The fish in the rear was sold to me as a Brazilian Gold....It has quite the beautiful Gold Diamond like features and a Serrasalmus body shape...any thoughts???


























Thank You!!

ps
I've finally dove into the beauty of keeping P's..


----------



## Lifer374 (Dec 5, 2003)

both fish are serra so keep a divider handy.
first fish looks to be a sanchezi.
Second piranha is hard to see but appears to be a mac or spilo.


----------



## glockner99 (Nov 2, 2005)

The tank these fish are in has glass between them...It's hard to tell from the pictures but they are separated..

please educate me...Would a Mac or Spilo come with gold body color?
and..The fish in the front is definately not a Tern?

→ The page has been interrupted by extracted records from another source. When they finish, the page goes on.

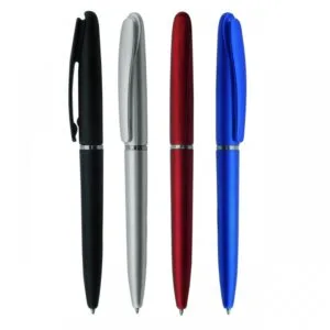Lapicero plástico con pintura metalizada y sistema de apertura twist (giratorio), con clip de color del lapicero y aro central metálico que le da un acabado sobrio.
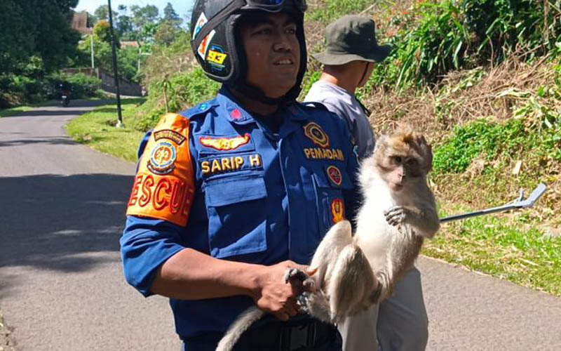 “Adapun proses evakuasi monyet liar itu diketahui berlangsung sekitar kurang lebih 1 jam. Yang diamankan jenis monyet liar, satu ekor, sudah dewasa,” jelasnya.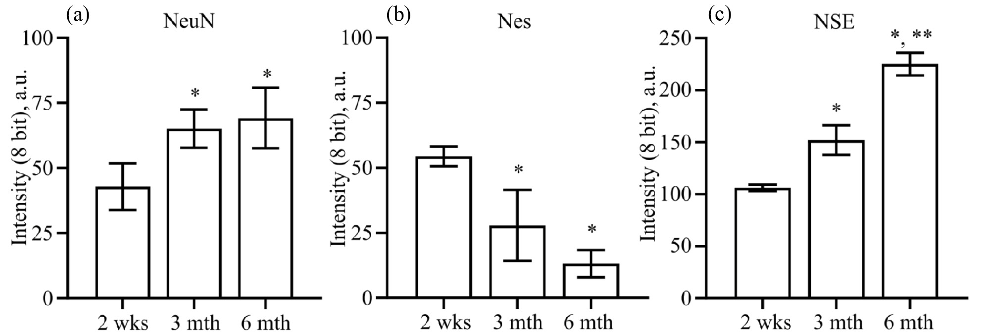 (а) — интенсивность флуоресценции (8 бит, градации яркости) при выявлении ядерного белка нейронов (NeuN); (b) — интенсивность флуоресценции (8 бит, градации яркости) при выявлении нестина (Nes); (c) — интенсивность иммунопероксидазного окрашивания (8 бит, градации яркости) при выявлении нейрональной енолазы (NSE).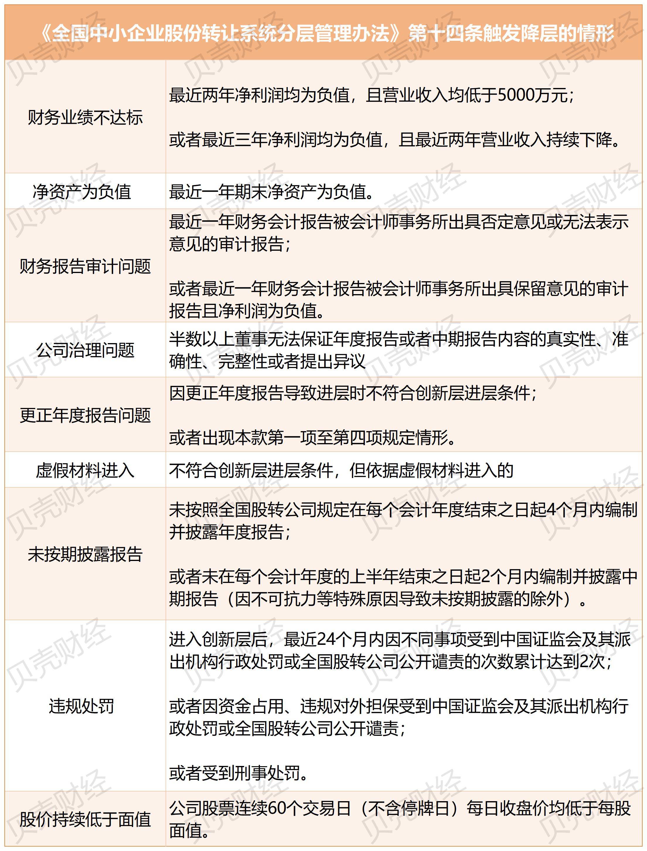 《分层举措》第十四条中(zhong)还规定了其他触发立异层公司降层的景遇,包括“财(cai)务业绩没有(you)达标”“净资产为负值”等。

The pics aren't the greatest...

Thank You!


----------



## Moondemon (Dec 9, 2006)

glockner99 said:


> The tank these fish are in has glass between them...It's hard to tell from the pictures but they are separated..
> 
> please educate me...Would a Mac or Spilo come with gold body color?
> and..The fish in the front is definately not a Tern?
> ...


The piranha in the front ain't a 'ternetzi'' for sure... It's not a pygo but a Serra. I'd also say Sanchezi, but a better picture of his flank/belly would help to get a better ID of your fish.

Serrasalmus Maculatus normally all have gold coloration....

Two nice fish for sure !


----------



## glockner99 (Nov 2, 2005)

Here's another pic of the one I suspect is a Mac...

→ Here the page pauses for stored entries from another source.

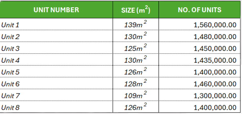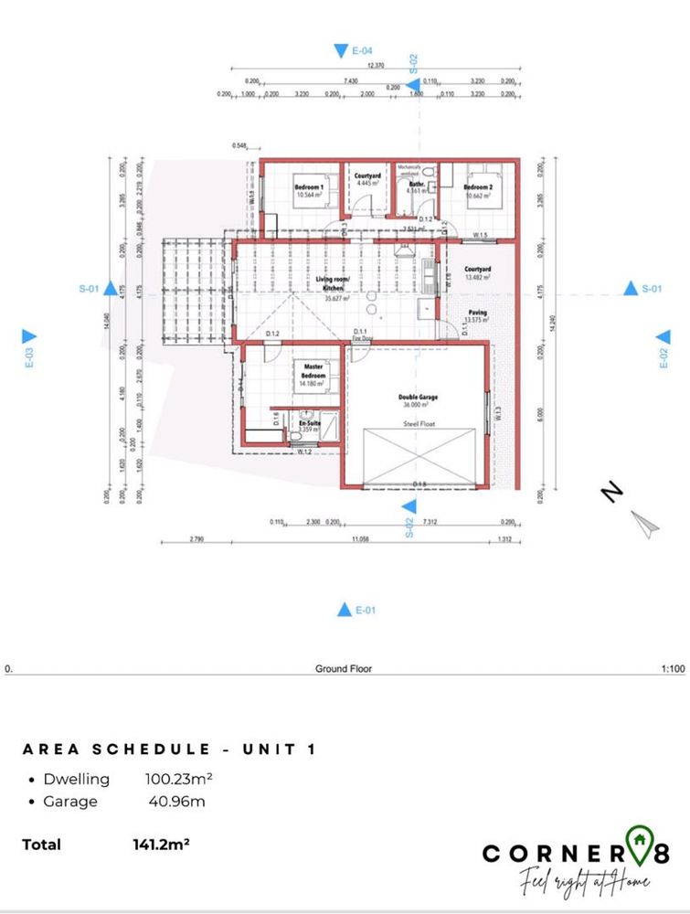 - Unit 1: 100.23 sqm of living space + 40.96 sqm double garage + 2 courtyards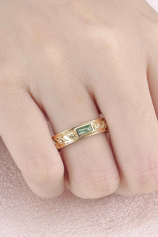 Moss Agate Band with Intricate Scroll and Leaf Inner Engraving - Dominic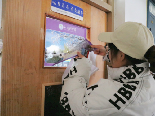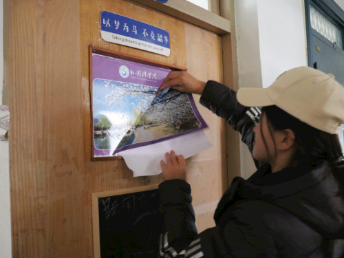 活动筹备期间,公司组织带领员工拍摄校园内风景,并挑选打印,张贴在教学楼的教室门窗上。活动开展过程中,员工兴致高昂,积极参与,展现了昂扬向上的精神状态和良好的志愿服务精神。教室门窗上的标语、照片既提高了员工的审美能力,又起到良好的育人作用。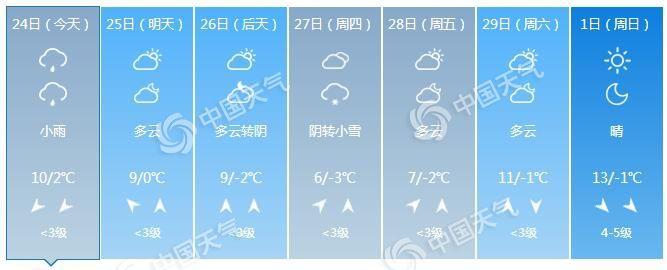 北京市氣象臺(tái)預(yù)計(jì),今天白天北京天氣多云轉(zhuǎn)陰,東部、南部有小雨,夜間降雨范圍有擴(kuò)散的趨勢,大部地區(qū)陰有小雨,山區(qū)或?qū)h落雪花;最高氣溫10℃,最低氣溫2℃。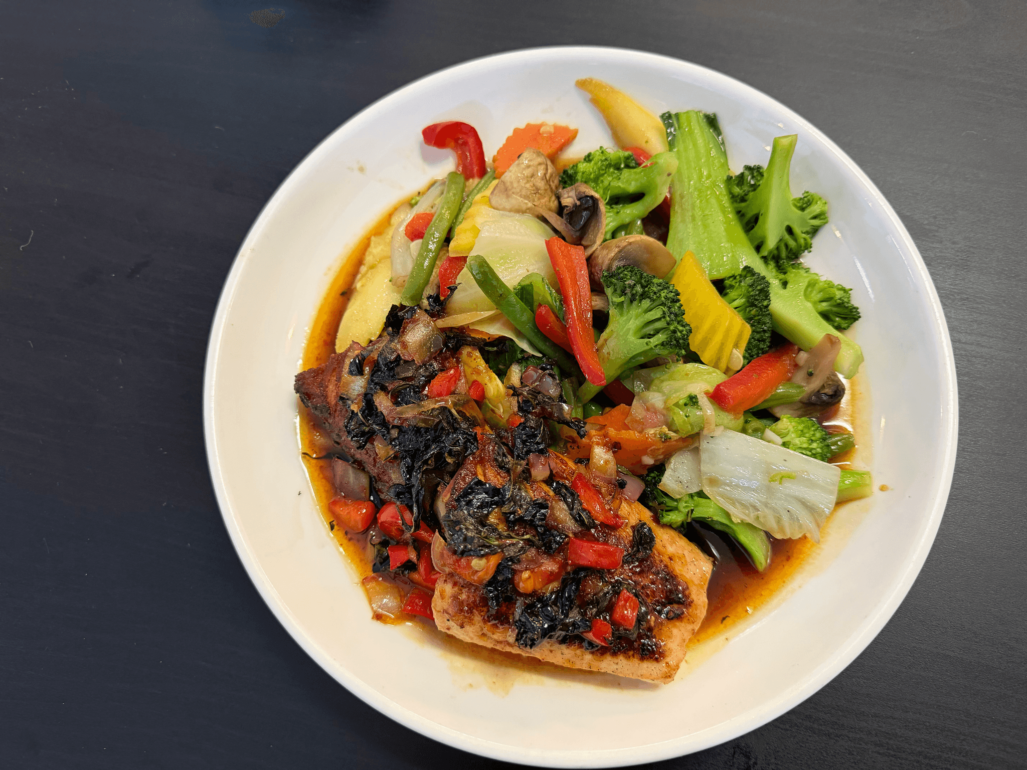 Stir-fried green beans, mushrooms, zucchini, bell peppers, & accentuated with basil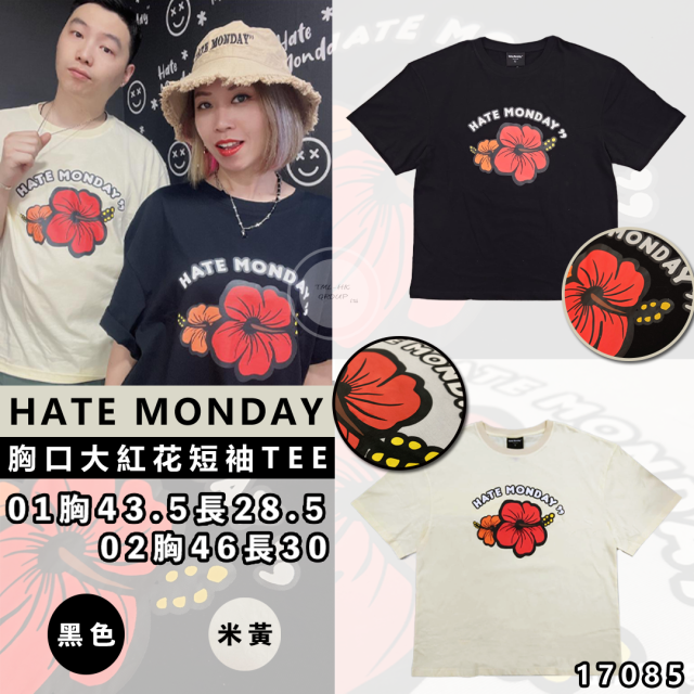 17085.HATE MONDAY 胸口大紅花短袖TEE(S2304T01)
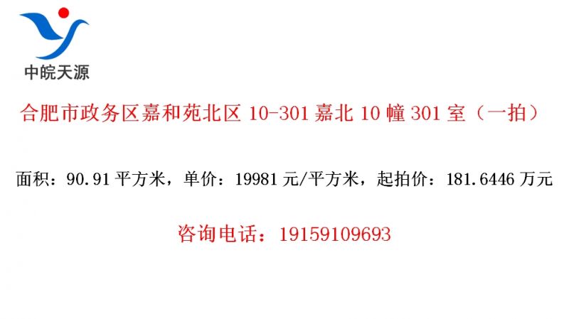 合肥市政务区嘉和苑北区10-301嘉北10幢301室(一拍)
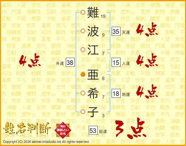難(19画)波(9画)江(7画) 亜(8画)希(7画)子(3画)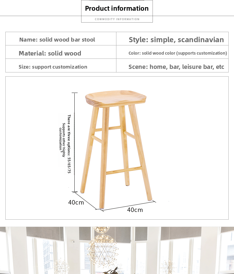 Nordic Bar Stool Simple Bar Chair Bar Stool Bar Chair Solid Wood Home Chair Swivel Chair High Factory Direct Supply High Foot

and another of the suspected Sanchezi or Black diamond....
The flash washes out his eyes..but he has the red with the black cornea..









Thank You All for your thoughts!


----------



## Dezboy (Apr 2, 2006)

aye id say sanchezi and gold mac/spilo........................


----------



## Dr. Giggles (Oct 18, 2003)

imo Brandti & Sanchezi


----------



## Grosse Gurke (Jan 3, 2003)

I was thinking that as well giggles....brandti and sanchezi. A better flank shot of the yellow/gold guy would help.....however those fins look much more brandti to me then maculatus.


----------



## primetime3wise (Sep 28, 2003)

agreed now that giggles said that. it's easy to tell if you line up the dorsal and anal fins, original poster look on the opefe site, or if it's linked here.


----------



## Rigor_mortiZ_Rhom (Dec 21, 2003)

yeah, thats probably a mac...


----------



## chomp chomp (Oct 28, 2003)

Dr. Giggles said:


> imo Brandti & Sanchezi


I agree based on the pics posted.

Definately sanchezi however


----------